In a forum of this sort, the greatest attention inevitably focuses on the purported frontrunner –– in this case, City Council Speaker Christine Quinn. The fact that a vocal minority within the LGBT community has, in recent years, targeted the woman who could become the city’s first openly lesbian or gay mayor for harsh criticism gave this event particular political resonance. The media was watching to see if she would stumble on her home court.

To be sure, some of the criticisms Quinn’s opponents leveled at her –– particularly regarding her refusal at the time to endorse paid sick leave legislation now pending in the City Council –– struck a chord with many audience members. Public Advocate Bill de Blasio and former City Comptroller Bill Thompson proved particularly adept at eliciting crowd encouragement for their volleys against the speaker.

That said, it is also true that Quinn earned the warmest and most enthusiastic applause from the audience at the conclusion of her opening and closing statements.

It actually appeared that some audience members both applauded the Council speaker and then jumped in to second certain criticisms thrown her way.

Quinn is clearly a potentially history-making figure. At the same time, many progressives who have known her over the past two decades were befuddled by her resistance (since reversed) on sick leave, a posture they viewed as fundamentally at odds with her political roots.

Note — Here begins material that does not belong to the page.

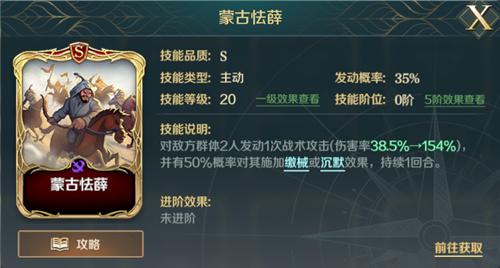【蒙古怯薛】是一个群体控制技能,能对敌方2人造成不俗的伤害,且能较大概率的为对方施加缴械或沉默,还附带一定的伤害能力,是一个泛用性较强的技能。

In the current political season, that issue had become something of a proxy for other nagging doubts that have emerged over the seven years of her speakership –– misgivings that coalesced most dramatically when she offered Mayor Bloomberg indispensible Council support for his efforts to run for a third term in 2009.

At the forum, she was at pains to emphasize that paid sick leave is not a question of if — it’s a question of when (that “when” came to pass just over a week later). On March 20, however, Quinn continued to assert that the economy was simply too soft to impose a new government mandate whose effect would be felt primarily by small businesses.

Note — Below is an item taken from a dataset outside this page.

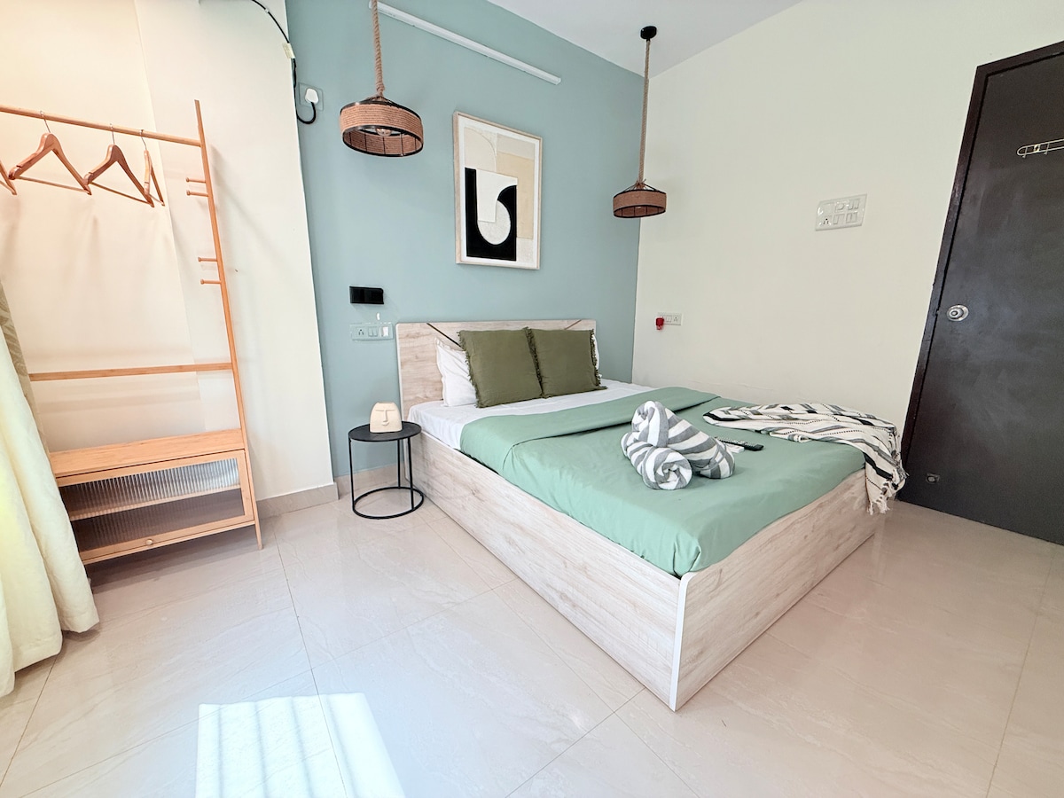 Disfruta de tu estancia en este apartamento de 2 dormitorios en una zona privilegiada. Cada dormitorio tiene aire acondicionado, camas cómodas y armarios. La amplia sala de estar incluye un sofá, una mesa de comedor y un balcón. La cocina ofrece una nevera, lavadora, estufa de gas y utensilios básicos perfectos para estancias cortas o largas. Hay 2 baños: uno adjunto al dormitorio principal con un inodoro occidental y otro cerca de la sala de estar con un inodoro de estilo indio. ⚠️ Aire acondicionado disponible solo en los dormitorios; el aire acondicionado de la sala de estar es de pago.

Among the other candidates, de Blasio and Thompson emerged at last week’s forum as the most plausible alternatives, and former Councilmember Sal Albanese, in the role of a truth-teller, burst the many bubbles created by pretty words. Comptroller John Liu arrived a half hour late and unfortunately never seemed to find his footing.

For now, though, Quinn seems a comfortable frontrunner. And she will rightly enjoy all the weighty burdens of that position as the campaign heats up.

This editorial is reprinted from a slightly longer version that first ran in Gay City News.